Op het eerste gezicht zal er onder de Omgevingswet weinig veranderen ten opzichte van het huidige recht voor wat betreft de handhaving. De handhavingsinstrumenten blijven immers dezelfde en staan grotendeels in de Awb, terwijl de bijzondere handhavingsbepalingen in de Omgevingswet (hoofdstuk 18) voor het merendeel overgenomen zijn uit de Wabo. Toch zijn er genoeg veranderingen die de aandacht verdienen. In dit blog vertel ik je daar meer over.
Meer handhaving
De belangrijkste wijziging vanuit handhavingsperspectief is dat er minder vergunningen komen en meer algemene regels en zorgplichten. Dat betekent dat er minder vaak vooraf getoetst wordt en dat er vaker achteraf gehandhaafd zal moeten worden. Handhaving neemt dus in feite een deel van de taken over die voorheen in het kader van de vergunningverlening werden verricht. Dat betekent dus meer handhavingsprocedures na 1 januari 2024.

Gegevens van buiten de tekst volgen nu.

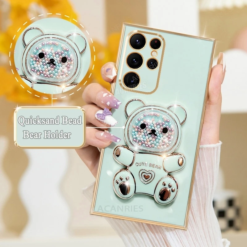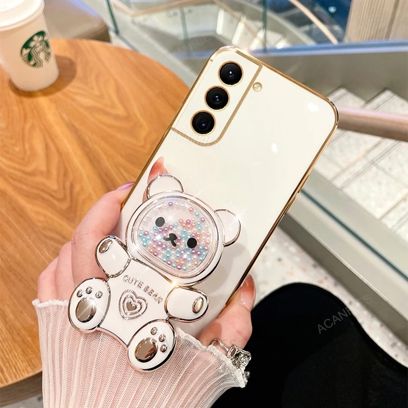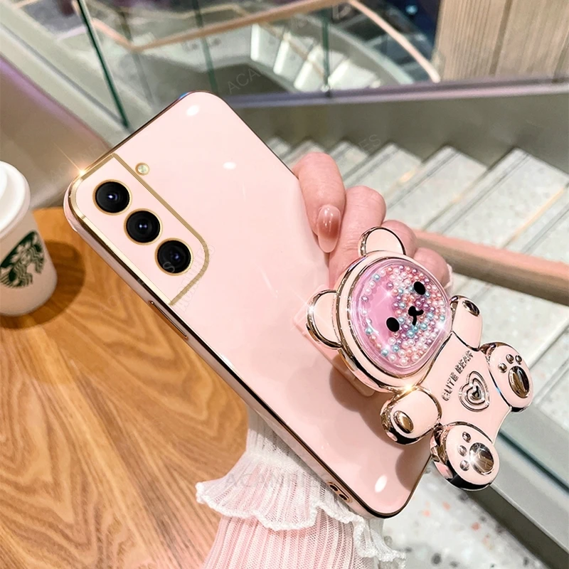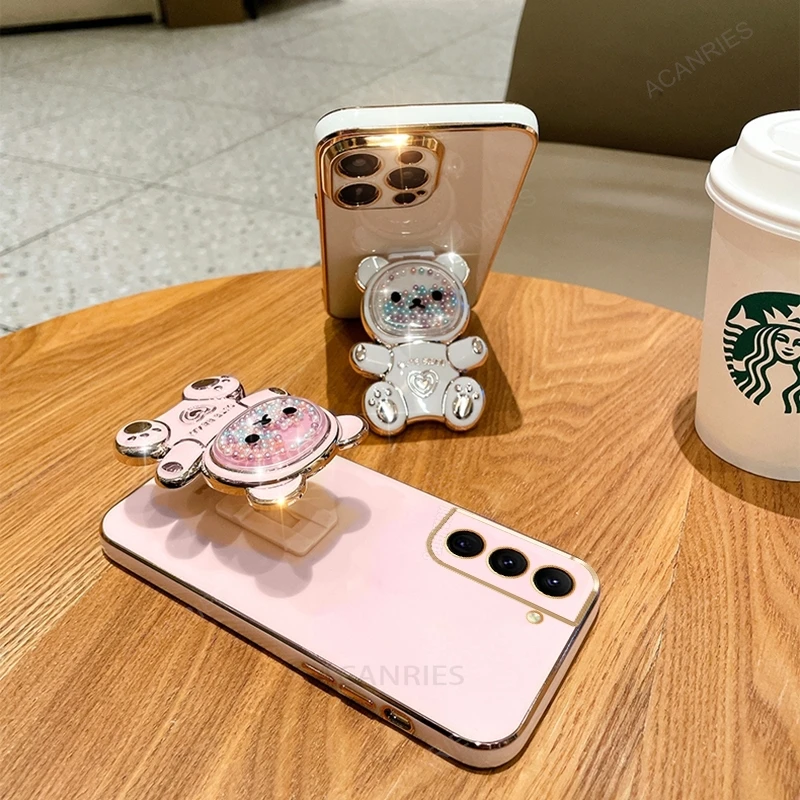 S 24 22 23 25 funda chapada con soporte de oso de arenas movedizas para Samsung Galaxy S21 S20 S22 S23 S24 Fe S25 Plus funda de soporte de silicona Ultra

Meer flexibiliteit betekent minder rechtszekerheid
Het doel van de wetgever bij het voorzien in minder vergunningen en meer algemene regels en zorgplichten is om meer flexibiliteit te bewerkstelligen. De flexibiliteit waarin de Omgevingswet voorziet, gaat echter wel ten koste van de rechtszekerheid. Flexibiliteit en rechtszekerheid zijn immers communicerende vaten. Voor bedrijven en burgers is die rechtszekerheid juist belangrijk, want je wilt gewoon weten waar je aan toe bent. Het is daarom te verwachten dat burgers en bedrijven gaan proberen om – via handhavingsprocedures – die duidelijkheid alsnog te krijgen. Ook daarom verwacht ik meer handhavingsprocedures.
Uitbreiding zorgplichten
De Omgevingswet voorziet in algemene zorgplichten (artikel 1.6, 1.7 en 1.7a Omgevingswet) en daarnaast in specifieke zorgplichten die zien op bepaalde activiteiten (bijvoorbeeld artikel 2.11 Bal). De wetgever heeft in artikel 1.8 Omgevingswet geregeld dat de algemene zorgplichten terugtreden als er een bijzondere regel geldt (bijvoorbeeld een bijzondere wettelijke regeling, of een vergunningvoorschrift). Voor de specifieke zorgplichten geldt echter dat die naast de andere regels gehandhaafd kunnen worden. Met andere woorden, onder de Omgevingswet lijkt het mogelijk dat iets is toegestaan op grond van de vergunningvoorschriften, maar toch verboden is vanwege een zorgplicht.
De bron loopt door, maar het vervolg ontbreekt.